Previously this came at the end. Before ReprocessRiskForDeployments was called after a check that exists was false. If exists was false the function would be exited, before this could be reached. ReprocessRiskForDeployments is only run if the baseline was user or stackrox locked. Now the baseline will always be user locked, but I don't think we always want to call ReprocessRiskForDeployments. I think we just want to call it if the process baseline already exists and is user or stackrox locked. Therefore the check if this is locked is done before the baseline is locked later in the function.

This needs to be changed so that this only returns if the baseline is already user locked.

Copy link
Contributor

Choose a reason for hiding this comment

The reason will be displayed to describe this comment to others. Learn more.

I don't really understand why auto locking requires all this refactoring and logic change. Couldn't you just create a function like processbaseline.IsAutoLocked(baseline) and do logic on that where the existing logic is done?

Copy link
Contributor

Choose a reason for hiding this comment

The reason will be displayed to describe this comment to others. Learn more.

I think sending the baseline should be separate from the processing of the indicator. Perhaps a queue or some other process should handle that so we can leave this logic and the handling of the indicators alone.

Copy link
Contributor Author

Choose a reason for hiding this comment

The reason will be displayed to describe this comment to others. Learn more.

Couldn't you just create a function like processbaseline.IsAutoLocked(baseline) and do logic on that where the existing logic is done?

Where would the baseline here come from? What existing logic are you referring to? Where would this be called? Would IsAutoLocked require a change to the protobuf definition for baselines or would it use the existing fields in it?

I think sending the baseline should be separate from the processing of the indicator.

What indicator are you referring to? The changes I am making apply to what happens when a deployment leaves the observation period and is removed from the queue of deployments in observation. A part of that is querying the database for processes in the deployment and adding those to the baseline. Is that what you mean?

I believe that a deployment is added to the queue when the first process within the deployment is run.
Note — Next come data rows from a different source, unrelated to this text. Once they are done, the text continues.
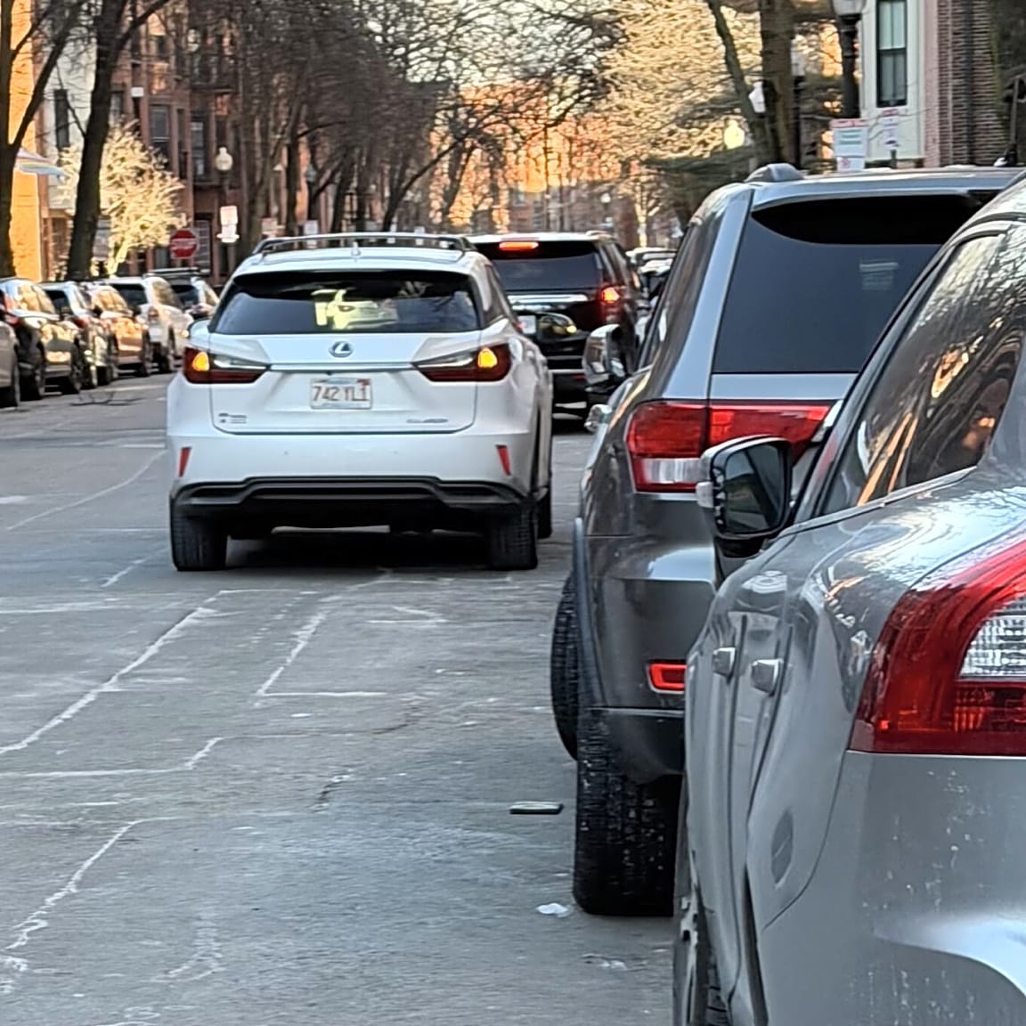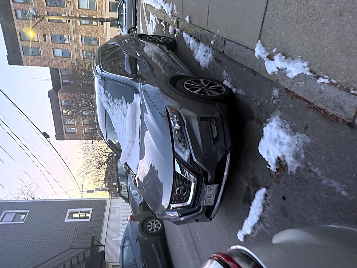 11 Thomas Park, South Boston, Ma, 02127Blue/gray Nissan rogue hasn’t moved in 2 weeks, also does not have visible resident parking sticker and is taking up 2 parking spots on the street. License plate 3tal95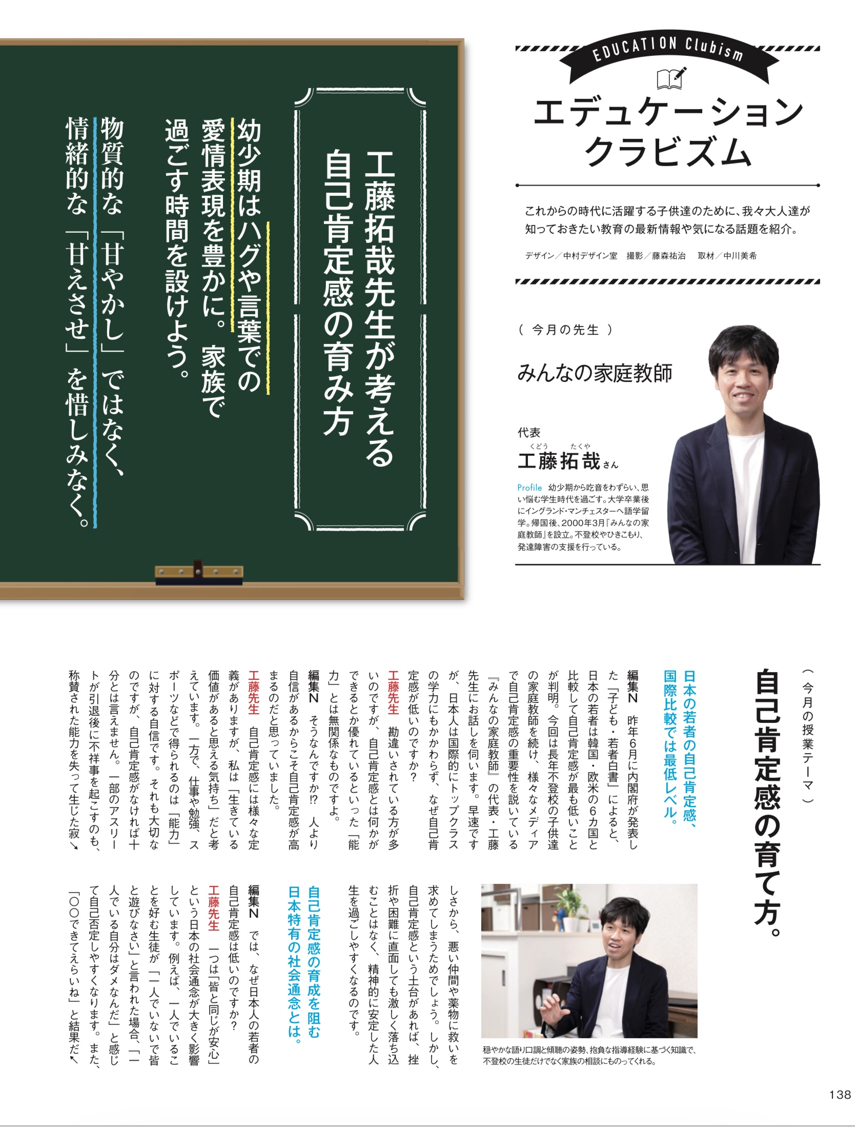 編集N 昨年6月に内閣府が発表した「子ども・若者白書」によると、 日本の若者は韓国・欧米の6カ国と比較して自己肯定感が最も低いことが判明。今回は長年不登校の子供達の家庭教師を続け、様々なメディアで自己肯定感の重要性を説いている 『みんなの家庭教師』の代表・工藤先生にお話を伺います。早速ですが、日本人は国際的にトップクラスの学力にもかかわらず、なぜ自己肯定感が低いのですか?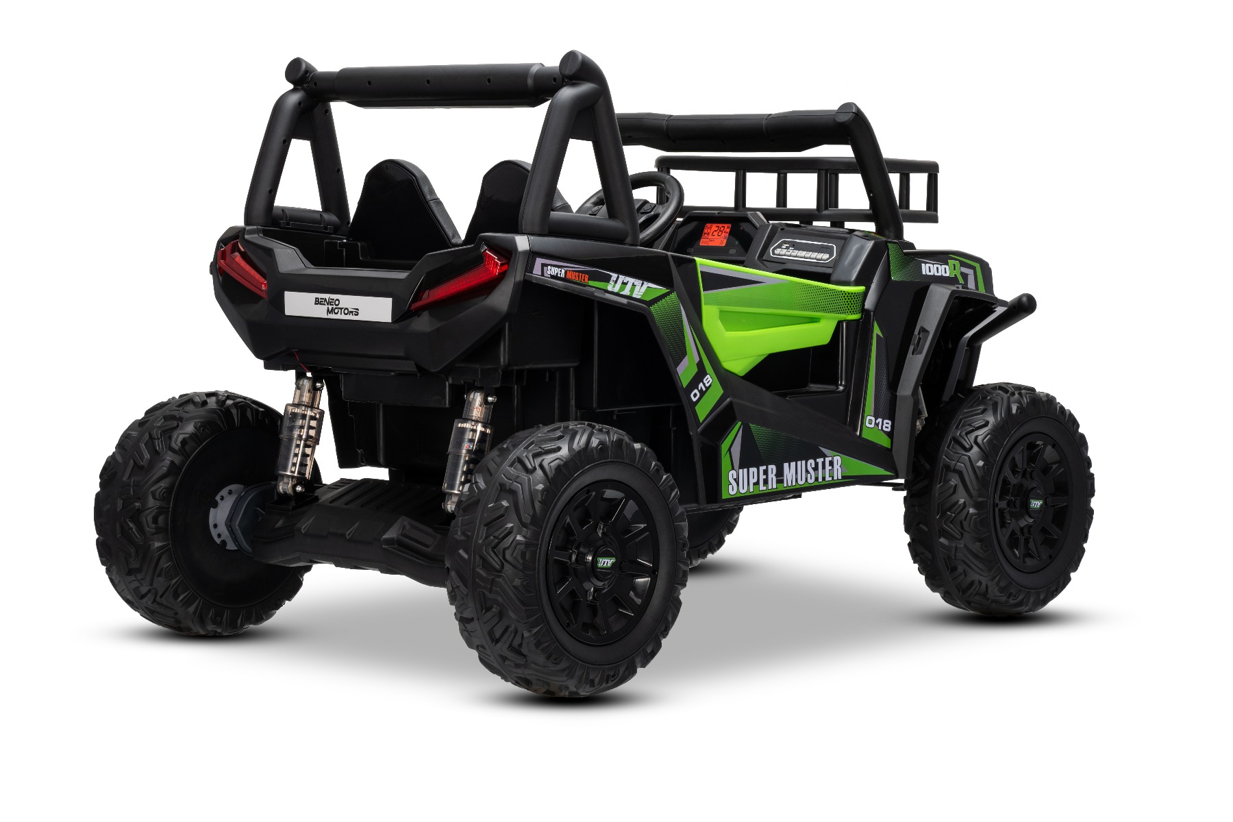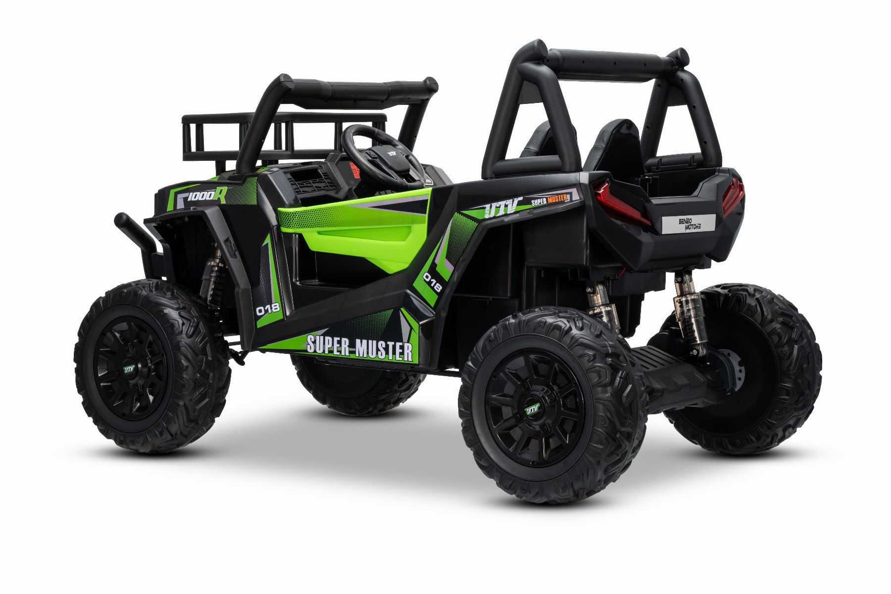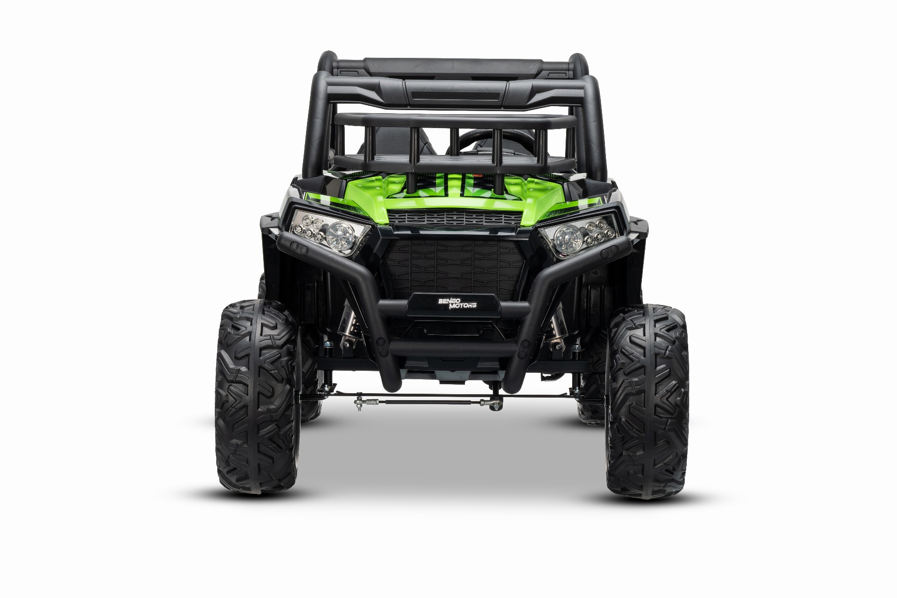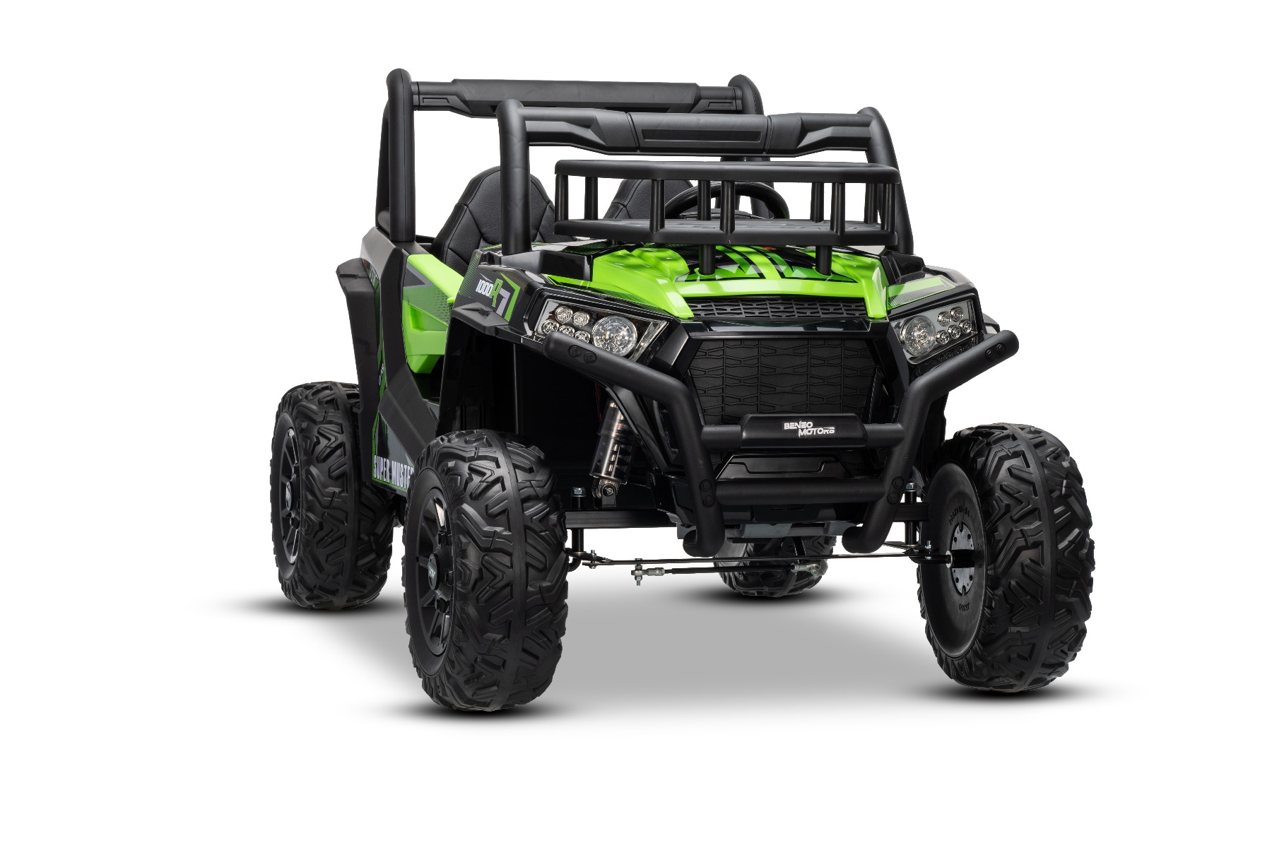 Mașină electrică pentru copii UTV 24V, verde, două locuri, motor 2 x 200 W, Baterie litiu, roți EVA, osii cu arcuri, frână electrică, scaun tapițat, 2.4 GHz DO, două locuri, USB, AUX
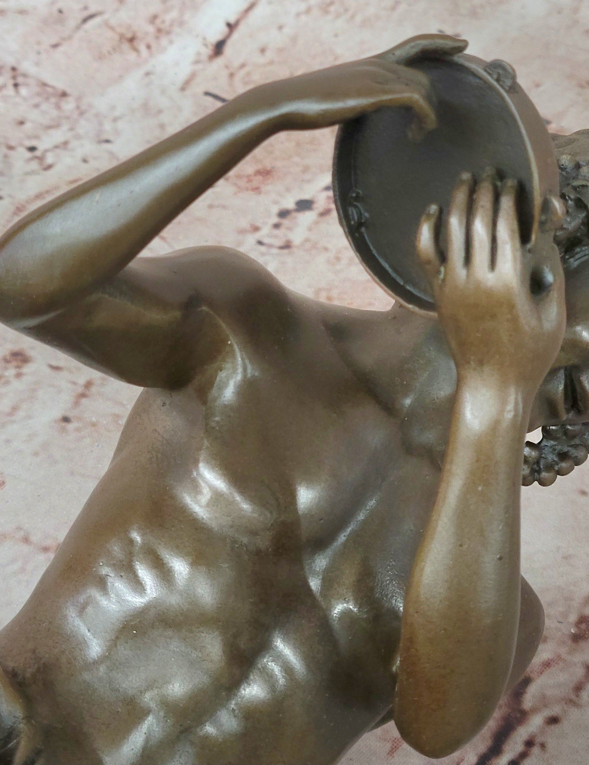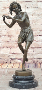 This exquisite bronze sculpture was created using the time-honored "Lost Wax Method" and finished with a two-tone brown patina that enhances its intricate details. Mounted on a raised beveled black marble base, this 100% bronze piece is handmade and signed by the artist F. Duret, making it a timeless addition to any art collection.Bronze Dimensions with Marble Base: Height 16" x Width 6"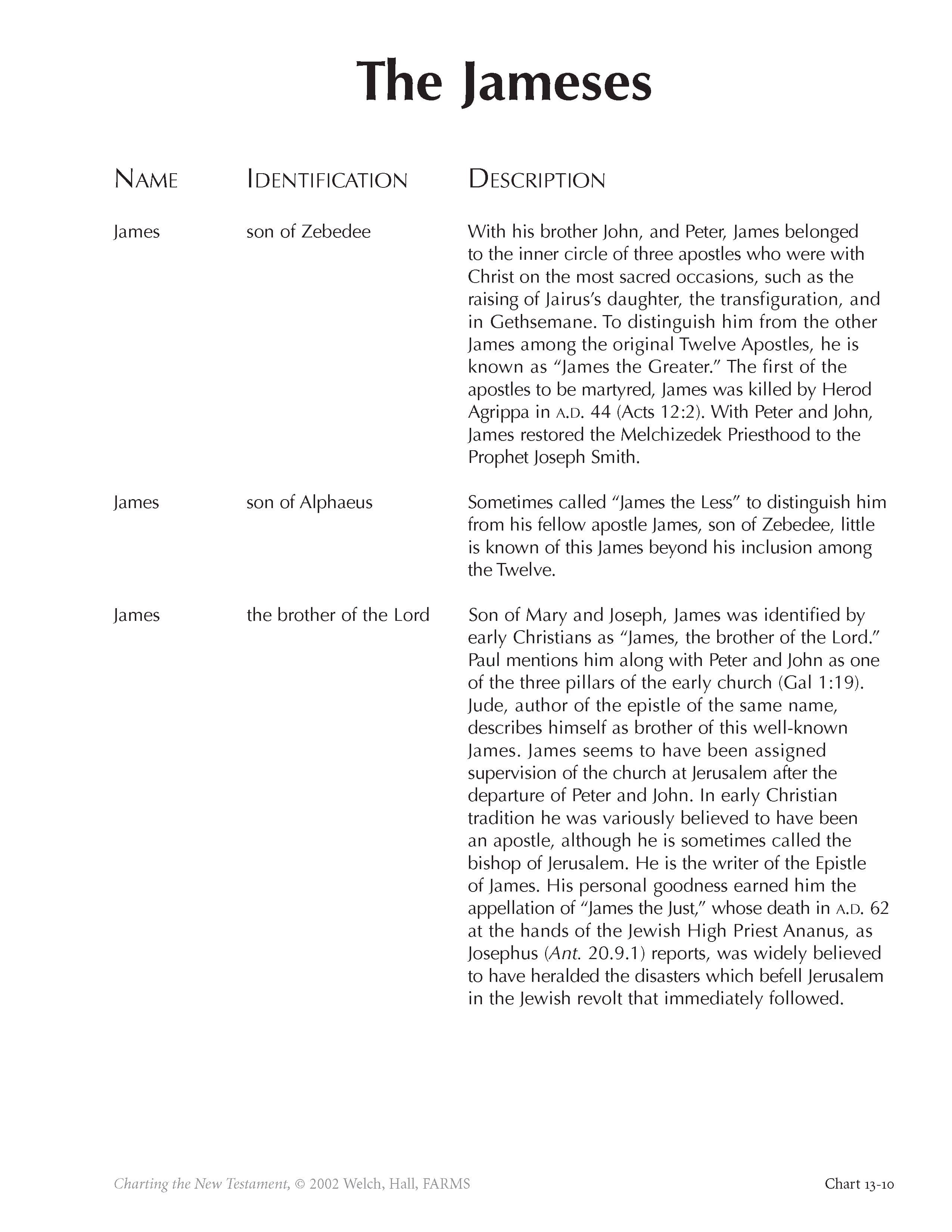 The following three charts differentiate, as much as possible, between the Marys mentioned in the New Testament, as well as the Jameses and the Johns. Among these people are some of the most important figures in early Christianity.

Is that the indicator you are referring to?

Perhaps a queue or some other process should handle that so we can leave this logic and the handling of the indicators alone.

You also had a similar comment in slack.

Couldn't we start a queue or something that handles sending the baselines to sensor when the lock time expires?

The lock time expires when the deployments leave the observation window. The existing queue handles those cases. That is why I did not see a need for a separate queue. Would it be better if I had another version of checkAndUpdateBaseline one for when autolocking is used and another when it is not? Are you proposing that whenever the datastore adds a baseline to the database, that it is added to a queue and the queue checks if the stack_rox_lock timestamp is in the past and sends it to sensor? That might not be as simple as it first seems. There are many places that upsert process baselines into the database. Those places would need to use a common function that adds to the queue and upserts to the database. In some cases it might need to add a baseline somewhere other than the end of the queue, in which case a queue is not the right thing to use. I am not sure if there are such cases. In some cases elements will need to be removed from the queue. In the future a auto_lock_timestamp could be used instead of stack_rox_lock_timestamp.

What would the queue consist of? When I first read your comments I thought you meant another queue of deployments, but now I think you mean a queue of baselines.

I don't really understand why auto locking requires all this refactoring and logic change.

If I understand how you want the second queue to work than the refactoring is not needed, but there are advantages to the refactoring. E.g UpsertProcessBaseline does not actually take in a process baseline as input as the name suggests. Instead it takes a process baseline key and a list of process baseline elements as input, creates a process baseline from them and then upserts the process baseline. I believe it is better to have a function that can take a process baseline key and a list of elements and return a baseline and then call another to upsert it. Those two functions could be called in a renamed UpsertProcessBaseline if desired. I have not actually done that to UpsertProcessBaseline.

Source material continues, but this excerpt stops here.